Group for Research in Decision Analysis

# Bus schedule optimization

### Operations research (OR) and transportation

In the field of transportation and logistics, route/schedule planning is critical to guarantee a service’s reliability while keeping operating costs down. Whether it’s to transport goods, send mail, provide public transit or maintain roads, companies must determine the best route for dozens or hundreds of vehicles (trucks, cars, buses, trains, planes, etc.). Operations research contributes tools to help decision-makers plan these routes at the lowest cost, while taking into account the company’s operational constraints.

### OR and public transit

Bus companies, for instance, must solve problems like these: What schedule should each bus line follow?
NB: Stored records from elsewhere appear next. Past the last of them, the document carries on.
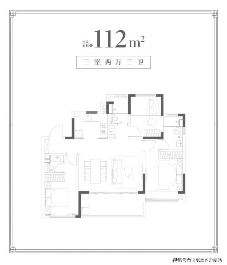 洋房户型-悦雅建筑面积约112㎡ 3室2厅3卫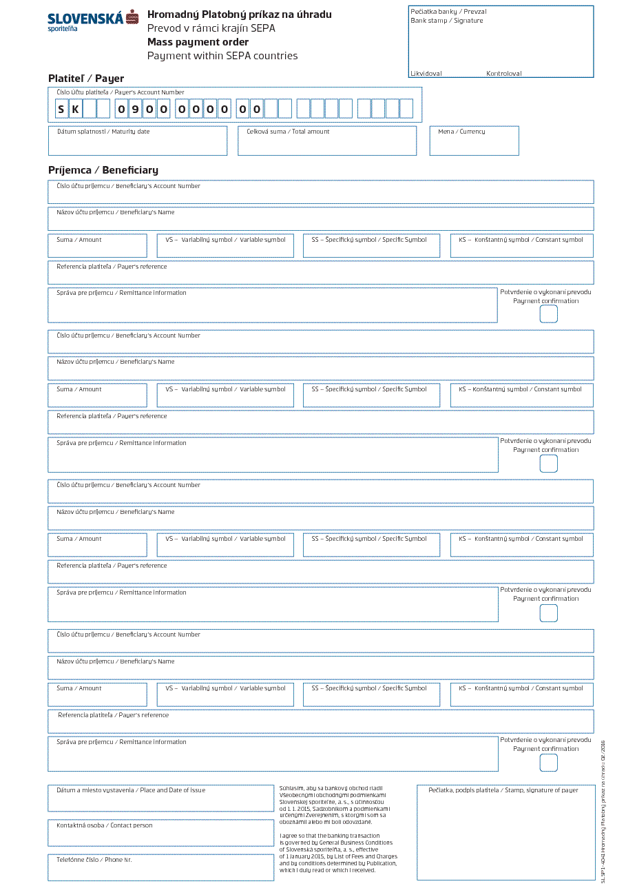 Tento formulár umožňuje vytvorenie hromadného príkazu na úhradu pre Slovenskú sporiteľňu a súčasne vygenerovanie dávkového súboru pre nahratie do elektronického bankovníctva. Na jednom formulári možno zadať 4 príjemcov, pričom vytvoriť možno 4 kópie formulára (tlačidlomnapravo), čo je [stále len] celkovo 16 prevodných príkazov.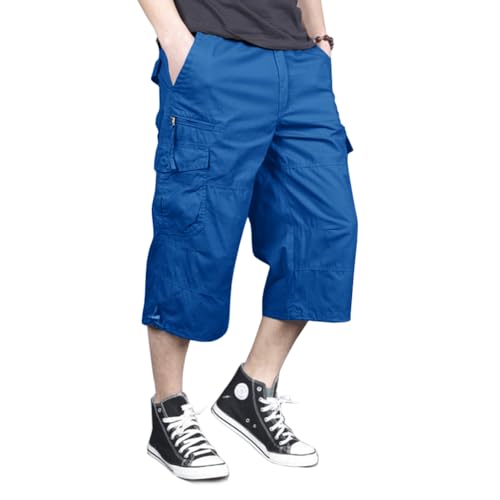 MAGNIVIT Mens Capri Long Twill Cargo Shorts Below Knee 3/4 Cargo Shorts Cotton Relaxed Fit Casual Multi-Pocket ColouredBlue 33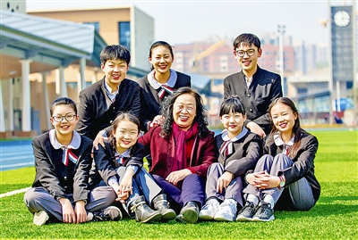 ■青岛为明学校校长雷丽霞(前排中)与学生们。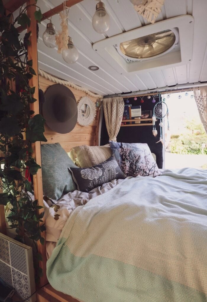 – Aiemmassa retkeilyautossamme oli kauniit käsintehdyt makrameeverhot. Ne eivät valitettavasti sopineet uuteen retkeilyautoomme ja kieltämättä hieman kaipaan tällä hetkellä verhojen tuomaa tunnelmaa makuuhuoneeseen, Matila harmittelee.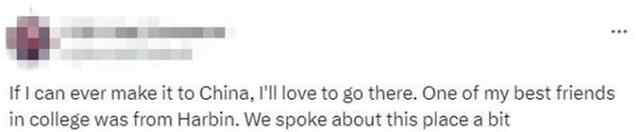 不少外国网友也在社交平台评论称“想去中国,想去哈尔滨”。有网友表示,“如果我能去中国,我很想去那里。我大学时最好的一个朋友就是来自哈尔滨。我们聊过这个地方。”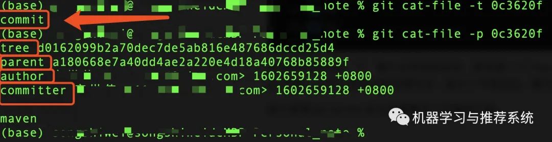 首先我们可以看到这个 0c3620f 的对象是一个 commit 对象,接着我们用 -p 参数来查看其中的内容,发现它指向一个 tree 对象,指向一个 parent 对象(这个 parent 就是当前 commit 对象的前一次 commit),此外还保存了 commit 的作者等信息。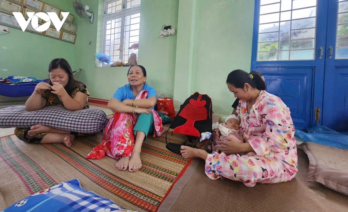Tại các địa điểm sơ tán dân tập trung ở nhà văn hóa thôn, trường Tiểu học Đức Lợi, xã Long Phụng, tỉnh Quảng Ngãi, chính quyền địa phương ưu tiên đưa người già, người bị bệnh, trẻ em, phụ nữ mới sinh đến các điểm tập trung này để đảm bảo an toàn.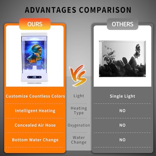 【Smart APP Control】: The fish tank support APP VSON for control (Please read the instructions), Choose Different Colors, Brightness Adjustment,Temperature Adjustment,Feeding Records,Water Change Record.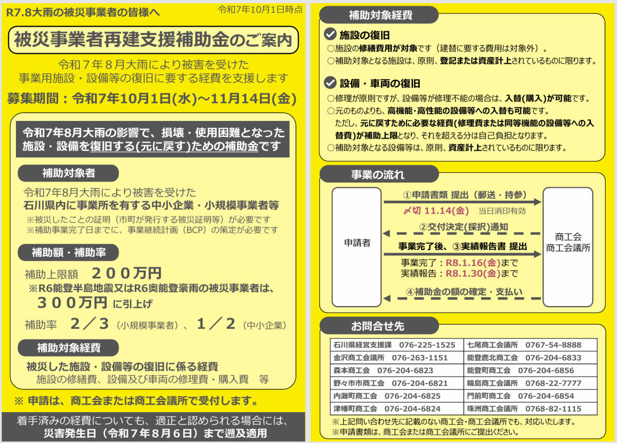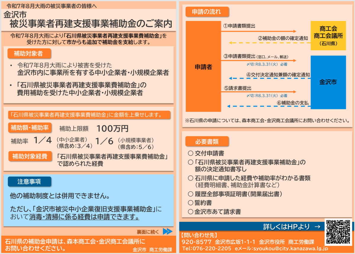 令和7年8月大雨により被害を受けた事業者への支援について/金沢市公式ホームページ いいね金沢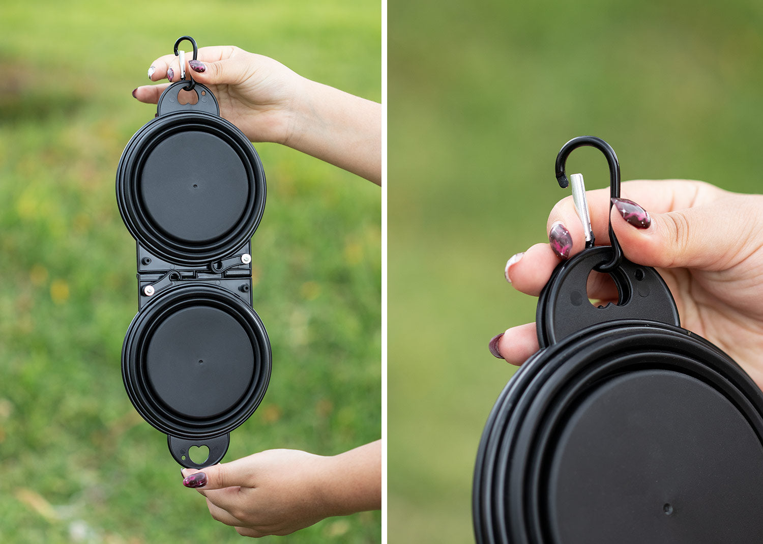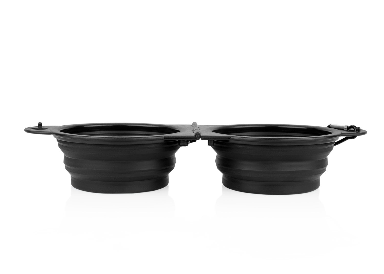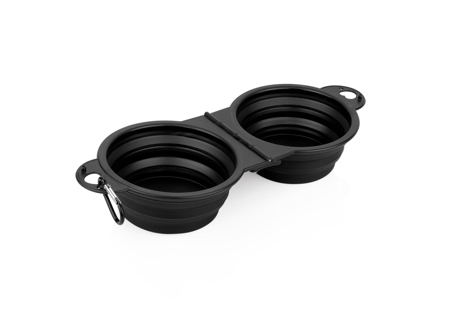 Bebedero de silicona plegable. Gracias a sus 2 compartimentos, puede ser usado para bebida y alimento simultáneamente. Es portátil e incluye gancho carabinero para transportarlo fácilmente. Además, cuenta con 2 pequeños ganchos plásticos de seguridad para evitar derrames. Capacidad: 400 ml / 13 Oz.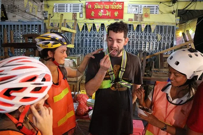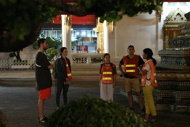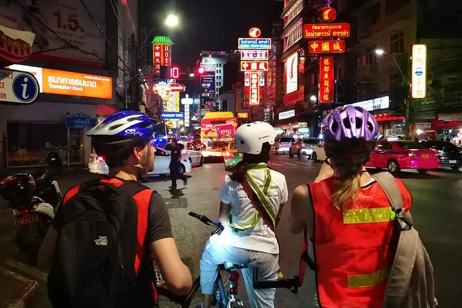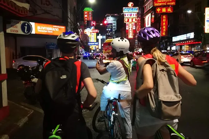 Sua noite inclui bicicleta e capacete, colete refletivo para segurança, água engarrafada durante o passeio, jantar tailandês autêntico em restaurante familiar de Thonburi, visitas guiadas a templos e mercados ao longo do trajeto, além do suporte de um guia local experiente que fala inglês durante toda a experiência.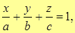 Дома или на п/з получить нормальное уравнение плоскости в отрезках , где a, b, c – длины отрезков, отсекаемых плоскостью на осях 0X, 0Y, 0Z .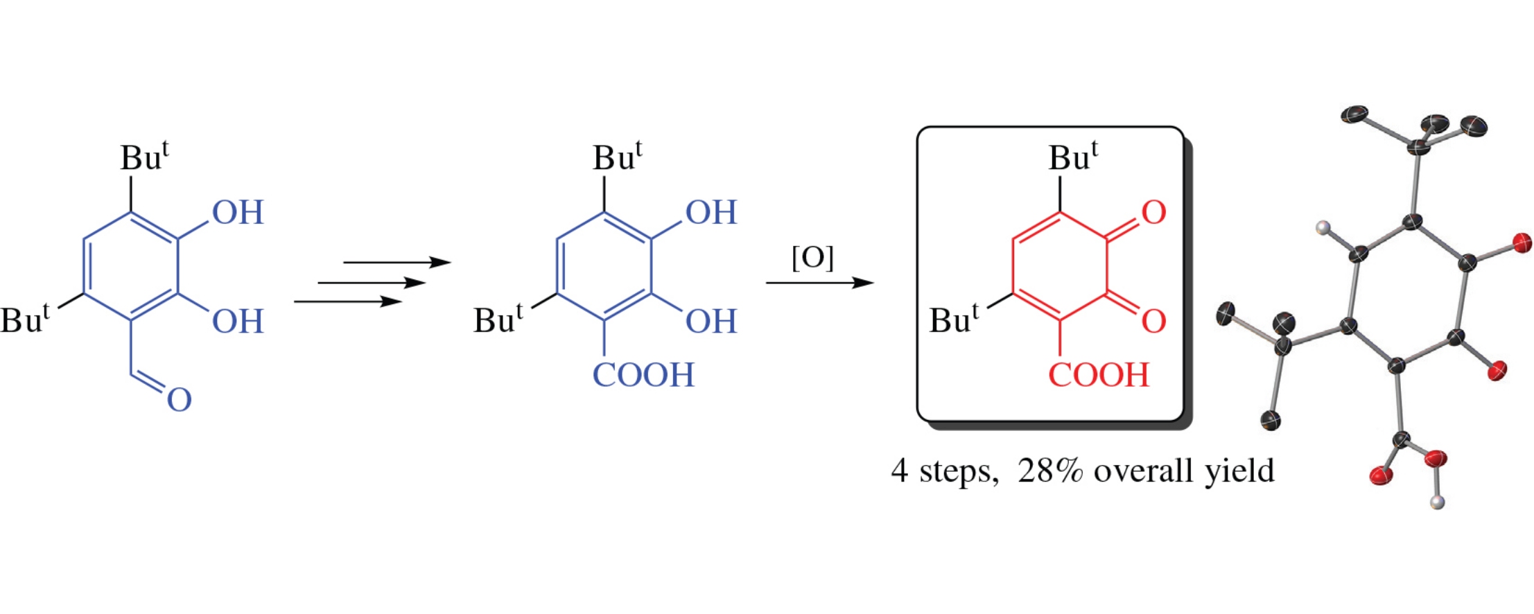 2,4-Di-tert-butyl-5,6-dioxocyclohexa-1,3-diene-1-carboxylic acid, an oxidized analogue of sterically hindered pyrocatechuic acid, was obtained from 4,6-di-tert-butyl-2,3-dihydroxybenzaldehyde in four stages. The electrochemical reduction of this compound proceeds in two stages: the first reduction wave (Ered1=−0.24V) is irreversible, while the second stage is partially reversible (E1/2, red2=−0.65V). The molecular structure of the o-quinone carboxylic acid in the crystalline state was comfirmed by single-crystal X-ray analysis.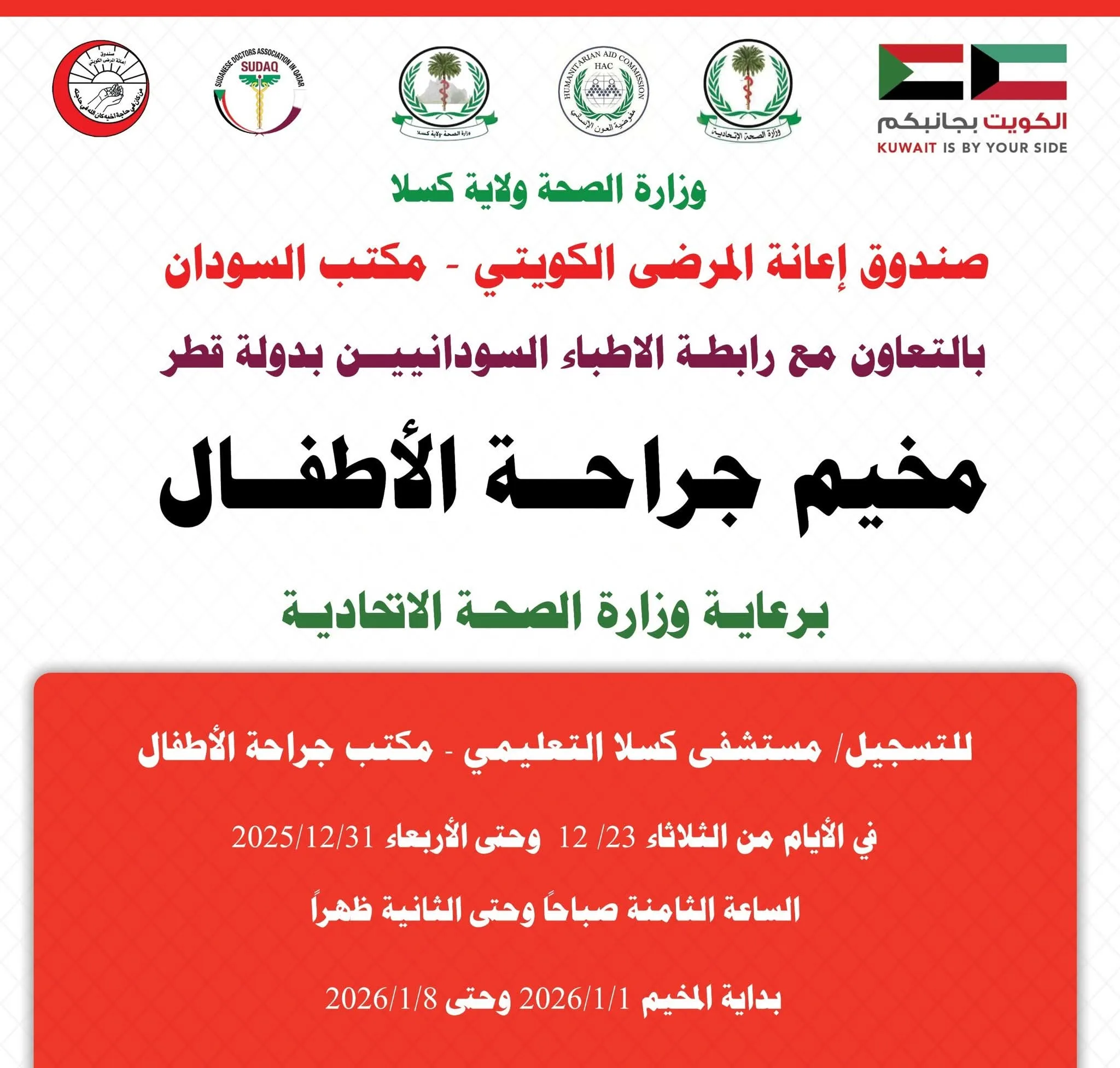 ينظم صندوق إعانة المرضي الكويتي فرع السودان مخيماً علاجياً لجراحة الأطفال وذلك بمستشفي كسلا التعليمي إعتباراً من مطلع العام المقبل ويستمر لمدة أسبوع، حيث بدأت إجراءات التسجيل منذ أول أمس الثلاثاء وتنتهي بالأربعاء 31 ديسمبر الجاري، ويجئ المخيم العلاجي بالتعاون مع رابطة الأطباء السودانيين بدولة قطر وبرعاية من وزارة الصحة الاتحادية .

How many vehicles are needed so that all trips are covered? Which driver should do what trip? To answer such questions, the company must follow a number of rules, such as maintaining a regular frequency of trips on a given line, giving drivers regular breaks and minimizing the number of “empty” trips. These conditions make the problem highly complex, especially when thousands of bus trips per day are involved.

### Challenges in OR

Operations research has made it possible to develop efficient algorithms that are now being used by transportation companies the world over. But many areas for improvement are currently being explored:

• Better tailoring of trips to meet users’ needs: For instance by collecting data to understand more precisely what the desired trips are
• Improving schedule reliability: By better taking into account the variability of travel times
• Improving network flexibility: By quickly re-optimizing a solution when an incident occurs (mechanical failure, unusual traffic slow-down, etc.)
• Decreasing costs: For instance by incorporating trip timetabling and bus scheduling into a single problem

### Some technical details

Planning bus schedules can be modeled with a connection graph: A node represents a trip that’s required. We add an arc between Nodes 1 and 2 if a vehicle can execute Trip 1 followed immediately by Trip 2. Thus, a path in this graph gives a feasible sequence of trips for a given vehicle. We must then choose, among all these possible paths, an option that minimizes costs and covers all the requested trips. To do this, we use integer programming and, more specifically, a column generation algorithm.